DATA IN THIS EXERCISE:
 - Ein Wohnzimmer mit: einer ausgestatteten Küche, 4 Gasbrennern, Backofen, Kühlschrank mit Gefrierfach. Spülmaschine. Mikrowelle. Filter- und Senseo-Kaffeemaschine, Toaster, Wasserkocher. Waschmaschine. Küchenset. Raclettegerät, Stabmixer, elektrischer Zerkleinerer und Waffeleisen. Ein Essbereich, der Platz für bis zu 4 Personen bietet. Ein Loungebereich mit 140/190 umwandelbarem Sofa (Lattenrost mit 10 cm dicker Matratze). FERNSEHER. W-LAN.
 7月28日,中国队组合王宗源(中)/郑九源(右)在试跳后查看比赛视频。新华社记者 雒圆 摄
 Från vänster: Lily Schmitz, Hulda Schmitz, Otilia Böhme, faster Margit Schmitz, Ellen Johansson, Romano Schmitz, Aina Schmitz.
...
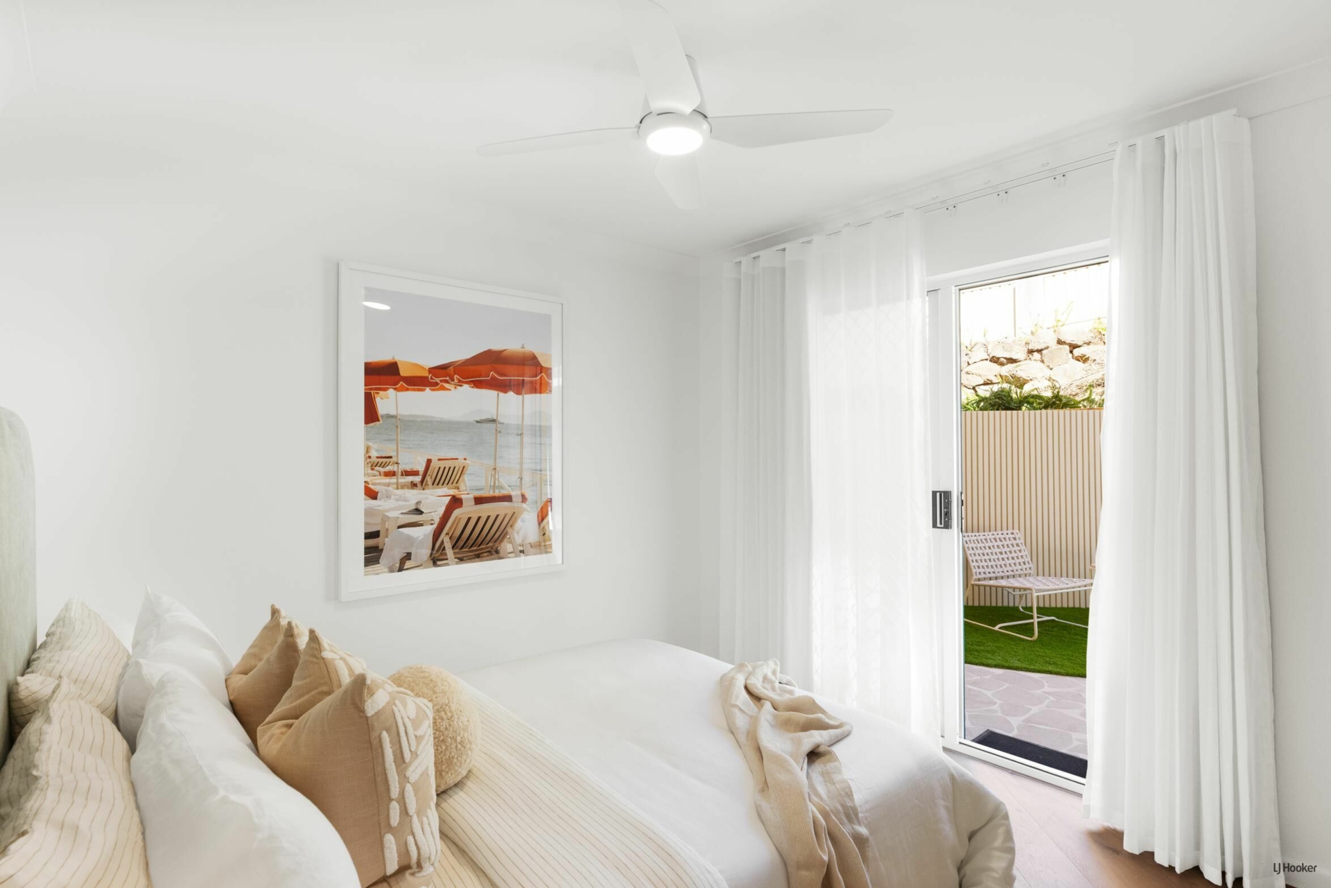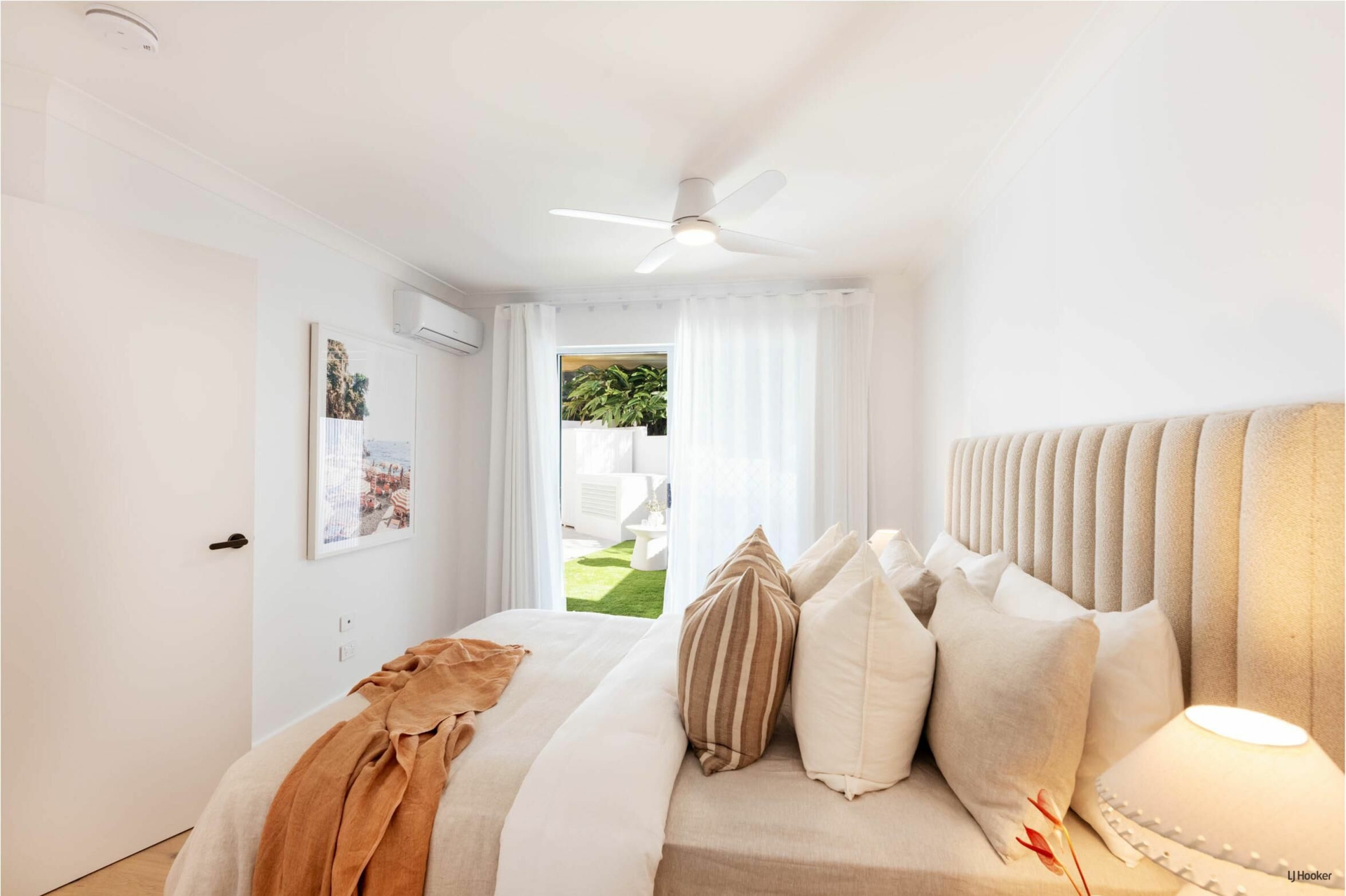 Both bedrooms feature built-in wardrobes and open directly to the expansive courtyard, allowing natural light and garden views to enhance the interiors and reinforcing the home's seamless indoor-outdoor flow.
---
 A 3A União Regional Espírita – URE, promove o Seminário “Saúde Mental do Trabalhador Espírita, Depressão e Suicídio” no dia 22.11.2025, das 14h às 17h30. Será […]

TASK PROMPT:
Out of the listing above, reproduce exactly the lines from the one with "- Ein Wohnzimmer" up to and including the one with "Från vänster: Lily".

WRITTEN SOLUTION:
 - Ein Wohnzimmer mit: einer ausgestatteten Küche, 4 Gasbrennern, Backofen, Kühlschrank mit Gefrierfach. Spülmaschine. Mikrowelle. Filter- und Senseo-Kaffeemaschine, Toaster, Wasserkocher. Waschmaschine. Küchenset. Raclettegerät, Stabmixer, elektrischer Zerkleinerer und Waffeleisen. Ein Essbereich, der Platz für bis zu 4 Personen bietet. Ein Loungebereich mit 140/190 umwandelbarem Sofa (Lattenrost mit 10 cm dicker Matratze). FERNSEHER. W-LAN.
 7月28日,中国队组合王宗源(中)/郑九源(右)在试跳后查看比赛视频。新华社记者 雒圆 摄
 Från vänster: Lily Schmitz, Hulda Schmitz, Otilia Böhme, faster Margit Schmitz, Ellen Johansson, Romano Schmitz, Aina Schmitz.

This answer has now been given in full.